EXERCISE DESCRIPTION: Omit every picture while you reproduce the entries that follow word for word.

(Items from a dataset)
· · · ·
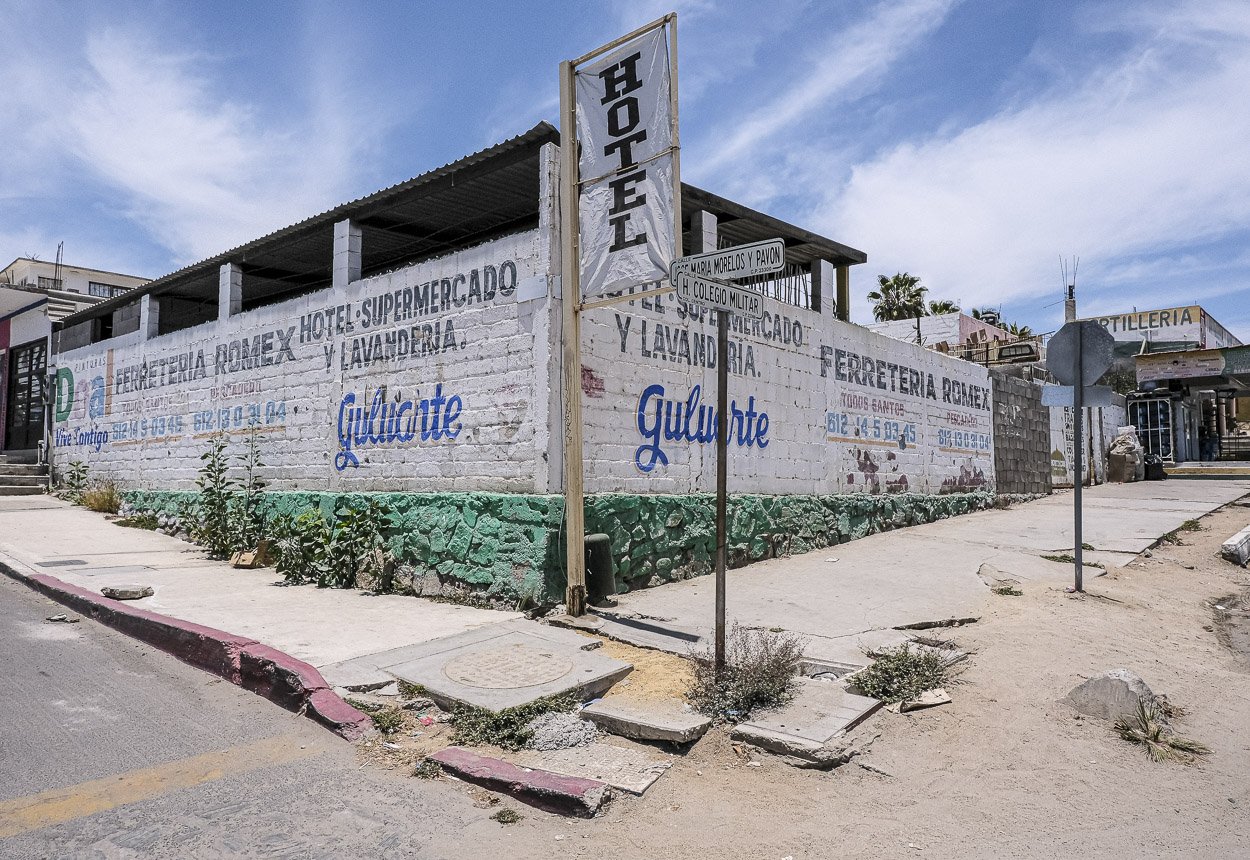 I only exposed 275 frames during the entire week we were there. Typically when traveling I will make more photographs than that in a few hours. But here there were only a couple potential subjects that caught my eye. A dilapidated building with a blue door on a street corner in Cabo San Lucas. An arched sign over the entrance to an abandoned water park adjacent to the hotel zone on Medano Beach. I made time to photograph both, even pulling out the infrared camera body when making images of the latter.
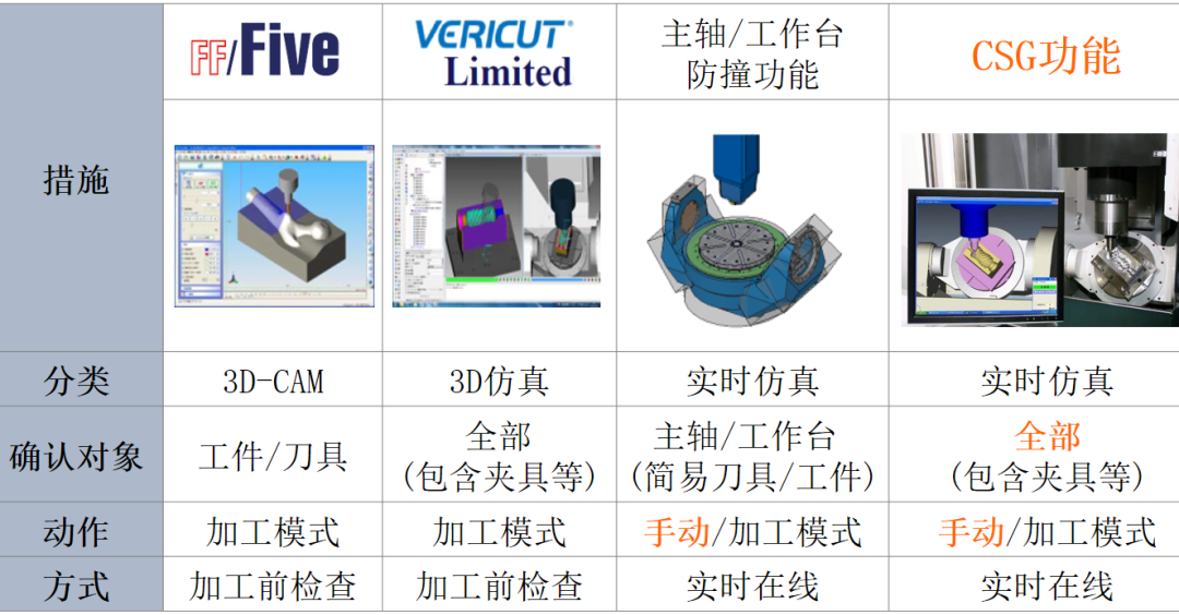 在线实时仿真CSG功能,在加工前可事先检查可能的工装错误或刀具长度的设置错误,以便将运行中的紧急停止降低至最小限度。运行中基于事先校对调整的数据、以及数控控制装置内的坐标、偏移值等读取位置信息,预测干涉可能性。一旦机床停止运行时,可即时显示状况画面、并确认所预测的干涉部位及轴的动作方向。
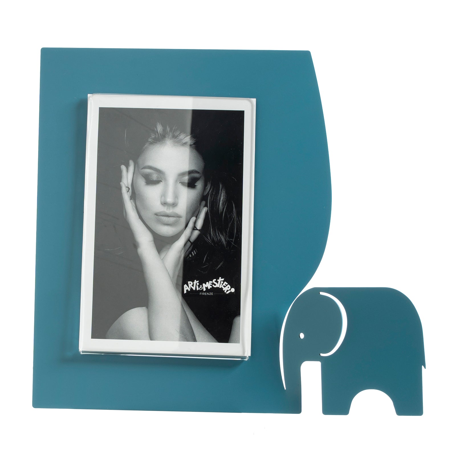 Arti & Mestieri – Portafoto Elefantino Grande colore Blu oltremare in ferro e polimetilmetacrilato 26×24,5h (13×18 formato foto) cm
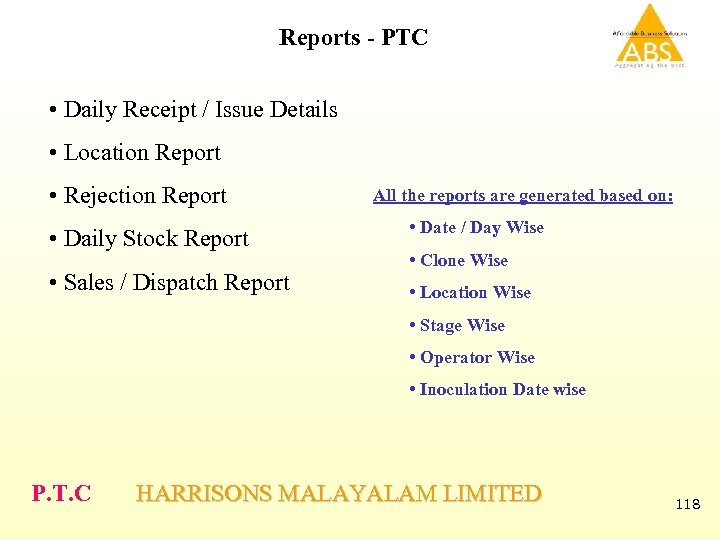 Reports - PTC • Daily Receipt / Issue Details • Location Report • Rejection Report • Daily Stock Report • Sales / Dispatch Report All the reports are generated based on: • Date / Day Wise • Clone Wise • Location Wise • Stage Wise • Operator Wise • Inoculation Date wise P. T. C HARRISONS MALAYALAM LIMITED 118
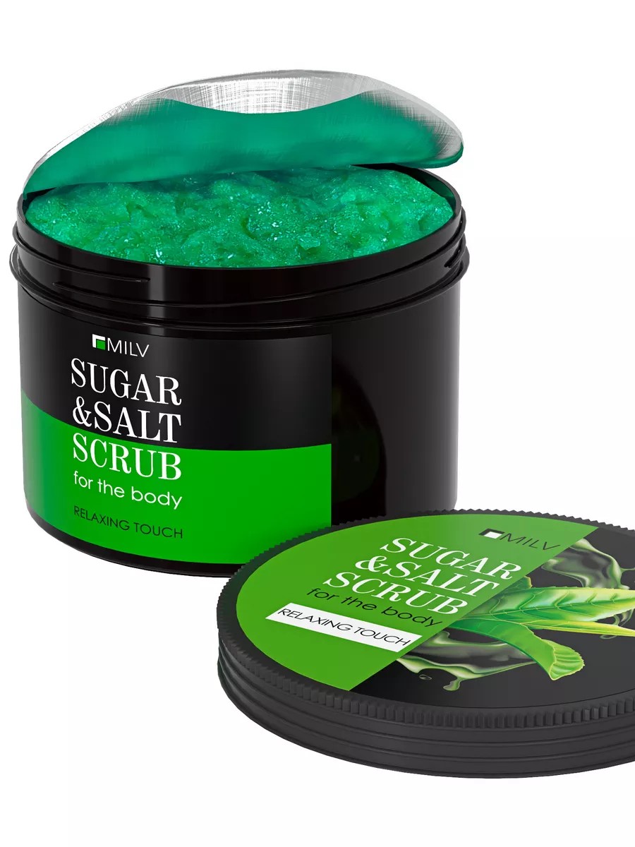 Сахарно-солевой скраб для тела "ЗЕЛЁНЫЙ ЧАЙ". 600 г
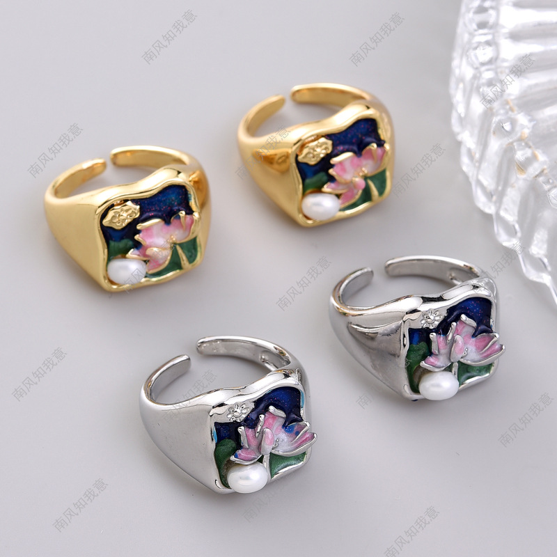 #1188 white gold color lotus open ring a piece
· · · ·
YOUR SOLUTION:
 I only exposed 275 frames during the entire week we were there. Typically when traveling I will make more photographs than that in a few hours. But here there were only a couple potential subjects that caught my eye. A dilapidated building with a blue door on a street corner in Cabo San Lucas. An arched sign over the entrance to an abandoned water park adjacent to the hotel zone on Medano Beach. I made time to photograph both, even pulling out the infrared camera body when making images of the latter.
 在线实时仿真CSG功能,在加工前可事先检查可能的工装错误或刀具长度的设置错误,以便将运行中的紧急停止降低至最小限度。运行中基于事先校对调整的数据、以及数控控制装置内的坐标、偏移值等读取位置信息,预测干涉可能性。一旦机床停止运行时,可即时显示状况画面、并确认所预测的干涉部位及轴的动作方向。
 Arti & Mestieri – Portafoto Elefantino Grande colore Blu oltremare in ferro e polimetilmetacrilato 26×24,5h (13×18 formato foto) cm
 Reports - PTC • Daily Receipt / Issue Details • Location Report • Rejection Report • Daily Stock Report • Sales / Dispatch Report All the reports are generated based on: • Date / Day Wise • Clone Wise • Location Wise • Stage Wise • Operator Wise • Inoculation Date wise P. T. C HARRISONS MALAYALAM LIMITED 118
 Сахарно-солевой скраб для тела "ЗЕЛЁНЫЙ ЧАЙ". 600 г
 #1188 white gold color lotus open ring a piece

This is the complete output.